Once, you've logged in with the registrar's username and password. You'll have to do the following two steps:
o First, you'll have to create a new nameserver record entry for the IP address 97.158.253.26 to map to ns.my-site.com or www.my-site.com or whatever your nameserver is called. (This screen will prompt you for both the server's IP address and name)
o Then you'll have to assign ns.my-site.com to handle your domain. (This screen will prompt you for the server name only)
Sometimes, the registrar will require at least two registered nameservers per domain. If you only have one, then you could either:
o Create a second nameserver record entry with the same IP address, but different name.
o Give your web server a second IP address using an IP alias, create a second NAT entry on your firewall and then create the second nameserver record entry with the new IP address, and different name.
It normally takes about 3-4 days for your updated DNS information to be propagated to all 13 of the world’s root (“super duper”) nameservers.
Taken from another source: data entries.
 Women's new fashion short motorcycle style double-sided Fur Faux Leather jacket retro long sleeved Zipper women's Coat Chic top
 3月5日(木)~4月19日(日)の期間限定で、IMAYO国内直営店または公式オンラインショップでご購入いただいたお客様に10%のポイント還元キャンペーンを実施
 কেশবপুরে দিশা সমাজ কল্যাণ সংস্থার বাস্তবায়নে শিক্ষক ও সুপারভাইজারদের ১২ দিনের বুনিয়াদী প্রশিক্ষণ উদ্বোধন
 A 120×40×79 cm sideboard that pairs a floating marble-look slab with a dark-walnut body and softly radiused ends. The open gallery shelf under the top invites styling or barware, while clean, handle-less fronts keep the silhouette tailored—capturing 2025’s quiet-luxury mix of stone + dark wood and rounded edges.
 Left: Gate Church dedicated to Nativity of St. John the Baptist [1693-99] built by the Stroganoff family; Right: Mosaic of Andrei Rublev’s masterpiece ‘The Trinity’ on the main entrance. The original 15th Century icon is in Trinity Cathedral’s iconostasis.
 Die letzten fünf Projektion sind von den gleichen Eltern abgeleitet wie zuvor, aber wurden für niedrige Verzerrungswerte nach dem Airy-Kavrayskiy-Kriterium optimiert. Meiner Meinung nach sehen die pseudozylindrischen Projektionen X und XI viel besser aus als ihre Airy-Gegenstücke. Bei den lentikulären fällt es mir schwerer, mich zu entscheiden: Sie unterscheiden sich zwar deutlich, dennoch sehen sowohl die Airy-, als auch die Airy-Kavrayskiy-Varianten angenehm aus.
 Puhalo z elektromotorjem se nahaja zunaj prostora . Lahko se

You’ll therefore have to wait about this amount of time before you’ll start noticing people hitting your new website site.
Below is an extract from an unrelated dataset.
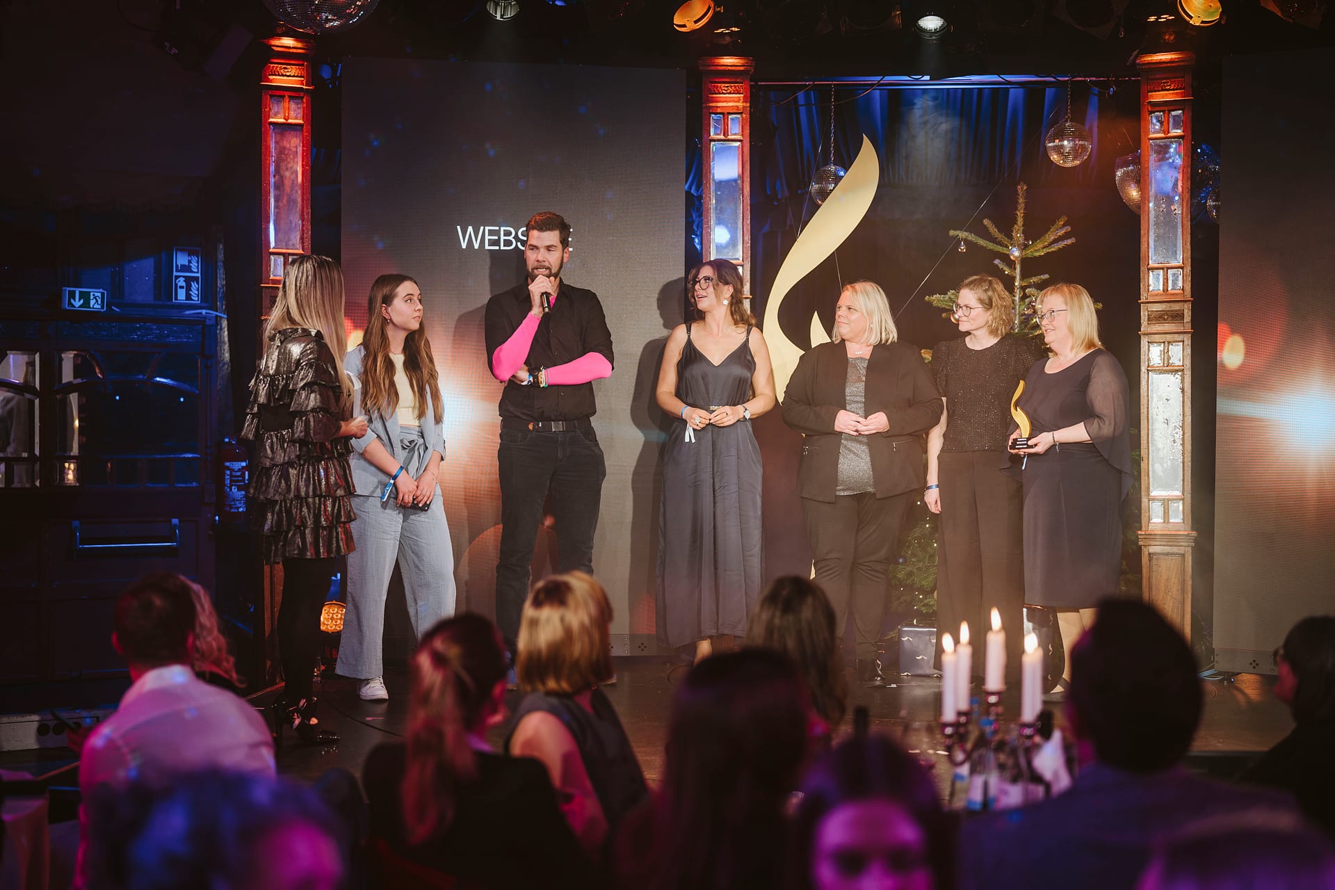 Preisverleihung mit mehreren Personen auf der Bühne, die Auszeichnungen halten, vor festlicher Kulisse.

How To Migrate Your Website In-House
It is important to have a detailed migration plan if you currently use an external company to host your website and wish to move the site to a server at home or in your office. At the very least it should include the following steps:
· There is no magic bullet which will allow you to tell all the caching DNS servers in the world to flush their caches of your zone file entries. Your best alternative will be to request your existing service provider to set the TTL on my-site.com in the DNS zone file to a very low value, say 1 minute. As the TTL is usually set to 3 days, it will take at least 3-5 days for all remote DNS servers to recognize the change. Once the propagation is complete, it will take only 1 minute to see the results of the final DNS configuration switch to your new server. If anything goes wrong, you can then revert to the old configuration, knowing it will rapidly recover within minutes rather than days.
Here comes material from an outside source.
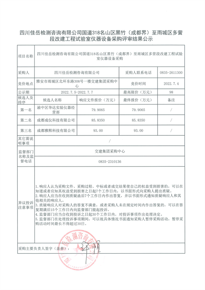 四川佳岳檢測(cè)咨詢有限公司國道318名山區(qū)黑竹(成都界)至雨城區(qū)多營段改建工程試驗(yàn)室儀器設(shè)備采購評(píng)審結(jié)果公示
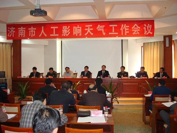 2008年10月23日,济南市人民政府主持召开人工影响天气工作会议,济南市人工影响天气指挥部指挥、市政府副市长赵文朝,省气象局副局长李春虎到会并讲话,参加会议的还有济南警备区、济南空军司令部航管处、市发改委、财政局、人事局、水利局、农业局等相关单位,以及各县(市)区政府分管领导和县乡两级人武部部长。会议回顾总结了近年来济南市人工影响天气特别是南部山区增雨保泉工作,表彰了在全市人影工作中做出突出贡献的先进单位和个人,部署当前和今后一个时期的人工影响天气工作。 赵文朝副市长在讲话总充分肯定了济南市人工影响天气工作的组织形式、体系建设和工作成绩。济南市人工增雨工作围绕经济社会发展大局,以涵养水源、防雹减灾、增雨保泉为重点,运用专武结合、军地合作的组织形式,在市政府财政投入近2500万元的支持下,通过科学规范的27处人影火箭定点布局建设,现代先进的人影预警指挥体系建设,综合效益明显,得到了全社会的认可和赞誉。赵文朝副市长还就今后一个时期济南人影工作提出了如下要求:一要进一步完善人影基础设施建设,重点抓好提高装备水平;二要进一步加强增雨保泉人工影响天气基地建设;三要提高机动增雨作业能力,强化重点水库、山区林地等重点区域的增雨能力以及黄河以北地区的防雹减灾能力;四要加强对全市降水天气形式本质特征的研究分析,力求指挥作业科学化,作业效果最大化;五要加强各方合作与技术协作,依靠科技进步和科技创新,全面增强济南人工影响天气能力建设;六要各级地方政府把南部山区人影基地建设和北部防雹减灾系统建设作为当地政府的工作任务,确定具体部门加强协调管理,健全全市、县(市)区、乡三级管理制度,按照职责分工,组织、协调、指导好本地人工影响天气工作。

· Set up your server in house using a different domain, for example www.my-site-test.com. Also set the TTL on this domain to 1 minute.
· Ask your existing web hosting provider to add a DNS entry for your new server in the my-site.com domain. Now your server will be a part of both my-site.com and my-site-test.com.
· Test your applications using server.my-site.com
· Test mail to users @my-site-test.com
· Test web traffic to www.my-site-test.com
· Once testing is completed, convert all the server configuration files to reference my-site.com and not my-site-test.com Restart all the relevant applications.
· Coordinate with your web hosting provider to simultaneously update you domain registration’s DNS records to point to your new DNS server.
· As both TTLs were set to 1 minute previously, you'll be able to see results of the migration within minutes.
· Once complete, you can set the TTL back to 3 days to help reduce the volume of DNS query traffic hitting your DNS server.
Remember, you don't have to host DNS or mail in-house, this could be left in the hands of your service provider. You can migrate these services in-house later as your confidence in hosting becomes greater.
Finally, if you have concerns that your service provider won’t co-operate then you could explain to them that you want to test their failover capabilities to a duplicate server that you host in-house. You can then decide whether the change will be permanent once you have failed over back and forth a few times.
DHCP Considerations For DNS
If you have a DHCP server on your network, you'll need to make it assign the IP address of the Linux box as the DNS server it tells the DHCP clients to use. If your Linux box is the DHCP server, then you may need to refer to the DHCP server chapter.